Nonlinear responses of a horizontal plate under the water impact

Abstract

The water impact of an elastic plate is an important issue in numerous engineering applications. Despite extensive research on various aspects of this subject, the nonlinear behavior of the plate's response during water impact remains unexplored. In this article, the novel contribution is the nonlinear response analysis of a plate under compressive loading when impacted with water. The geometric nonlinearity caused by midplane stretching is taken into account. Hydrodynamic pressure is determined by the velocity potential function of the flow. A fully coupled nonlinear hydroelastic equation is derived as an integrodifferential equation. This equation is simplified to the Duffing equation by expressing the deflection as a linear combination of the dry mode shapes. The Duffing equation is solved analytically using Jacobi elliptic functions.

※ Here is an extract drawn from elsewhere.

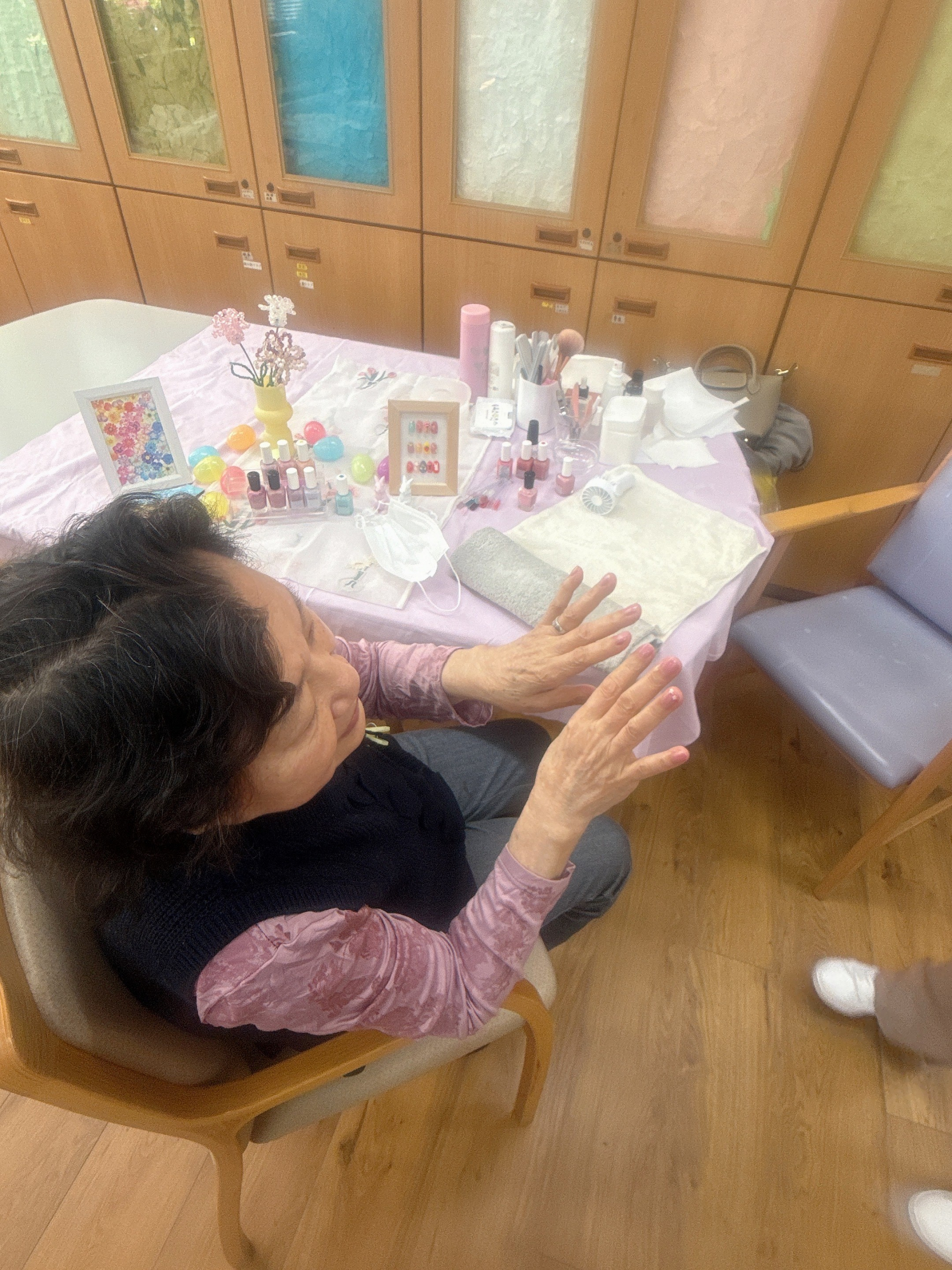 2025.04.21 活動報告 ネイルサロン Tweet シェアする 今日は皆様がネイルサロンを参加しておりました。綺麗なネイルができました。 ひがしデイのゴーティモ 前の記事 2025.04.22 活動報告 新しい床 次の記事 2025.04.19 活動報告 十音の会 一覧へ戻る

Additionally, the fixed points of the Duffing equation are examined using phase portraits of the first mode shape to identify the effects of nonlinearity on the responses. The analytical solution is verified using the Runge–Kutta method and validated against the methods available in the literature. The effects of midplane stretching on the maximum deflections, bending stresses, and wet frequencies are evaluated for various horizontal speeds and compressive loads. The results indicate that the amplitude and oscillation period of the nonlinear response are significantly smaller than those of the linear response. Furthermore, it is found that midplane stretching should be considered in modeling the impact of the elastic plate on the water.